For the first time in decades, China cannot buy time with the old recipe of massive credit expansion. Debt has already reached levels that threaten its fiscal and financial stability. The question now is not whether there will be a crisis, but how big it will be and when.
The collapse of the real estate market and the end of the Chinese growth model
The five year slump in the real estate market shows no signs of recovery. The failure of Vanke, the last major state supported real estate company, confirms that the sector is in systemic crisis, not in a temporary correction. Land sales, the main revenue source of local governments, collapsed from 8,7 trillion yuan in 2021 to only 3 trillion yuan in 2025. More than 10% of available properties do not receive even one offer, a fact that underscores the collapse in demand. When land buying stops, local development financing stops as well. From there begins the largest explosion of fiscal debt in the history of China.
Record debt and unrestrained bond issuance
Local governments are rushing to plug the holes with new borrowing. The issuance of local bonds has already exceeded 10 trillion yuan, breaking every previous historical record. The total outstanding balance of local bonds has reached 54 trillion yuan, while the hidden debts of LGFV are estimated at 87 trillion yuan. In other words, almost half of China’s GDP is concealed in shadow debts outside official Chinese statistics.
The most worrying aspect is that the LGFV are not functional. Only 3% show returns above 4%, while almost 10% are loss making. In 2024, the LGFV received more than 1 trillion yuan in subsidies, an amount more than double their profits. Practically, without liquidity injections from Beijing, the entire mechanism would have collapsed.
Deflation and low interest rates
The People’s Bank of China PBOC is trying to keep the system alive through record low interest rates and massive liquidity. The average yield of LGFV bonds in Beijing has fallen to 2,1%, a level reminiscent of Japan in the era of negative interest rates. But deflation, which at first looks like debt relief, evolves into fiscal poison. Nominal growth is tumbling to 3%, approaching dangerously the borrowing rates and breaking the so called Domar Condition, the fundamental criterion of debt sustainability. When nominal growth does not exceed the cost of borrowing, debt inflates uncontrollably.

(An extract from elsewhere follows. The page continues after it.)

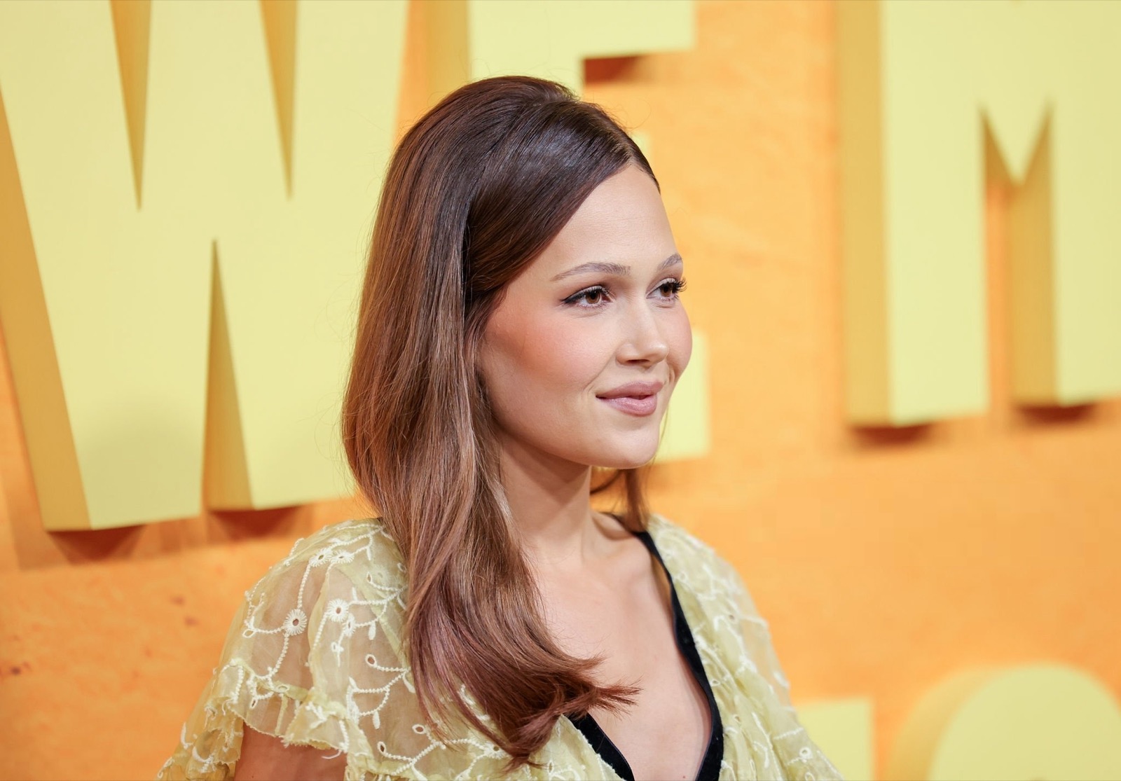 Kelli Berglund débarque à la première Netflix en robe jaune pâle façon nappe de baptême premium. Dentelle partout, nœud noir sérieux, regard poli. Elle pose comme si on lui avait dit élégante oui, drôle non. Le fond orange hurle vacances pendant que la tenue murmure réunion de famille.
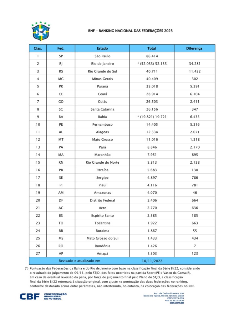 Esses e muitos outros fatores tiraram o futebol cearense do 11º lugar no ranking da CBF em 2010 para o 6º lugar em 2022. A entidade nacional divulgou a lista com a tabela de classificação das federações. E a FCF manteve-se à melhor do Norte/Nordeste/Centro-Oeste, ultrapassou a catarinense e chegou ao G6.

If the PBOC does not adopt negative interest rates and aggressive quantitative easing, the debt crisis will worsen rapidly.
Beijing buys time
Facing the danger of systemic collapse, the Xi government continuously approves new support packages. In October, the Ministry of Finance announced a new 500 billion yuan program, while the government gave the green light for a new issuance of 10 trillion yuan in local securities, transferring the LGFV debts to the municipalities. But this tactic is a fiscal patch, it shifts the problem from one side of the balance sheet to the other without restoring sustainability.
Capital controls, export of deflation
China maintains three artificial defenses, strict capital controls, a massive trade surplus and state directed credit supply. According to Michael Every of Rabobank, this strategy is not from a position of strength but from absolute necessity. China must continue exporting deflation because its internal economy is incapable of absorbing the scale of the debt.
However, international demand is slowing, foreign exchange reserves are under pressure and the ability of Beijing to control all variables is declining.
What will happen when China can no longer finance itself
The China of 2025 is not the China of 2008. It is no longer the global savior of a new wave of growth but the largest systemic risk to the global economy. With a real estate market that resembles the United States before 2007, a Japanese style fiscal debt trap and deepening deflation, Beijing is walking a thin line, trying to prevent a Lehman 2.0. This time, in contrast with 2008, there will be no China to save the world.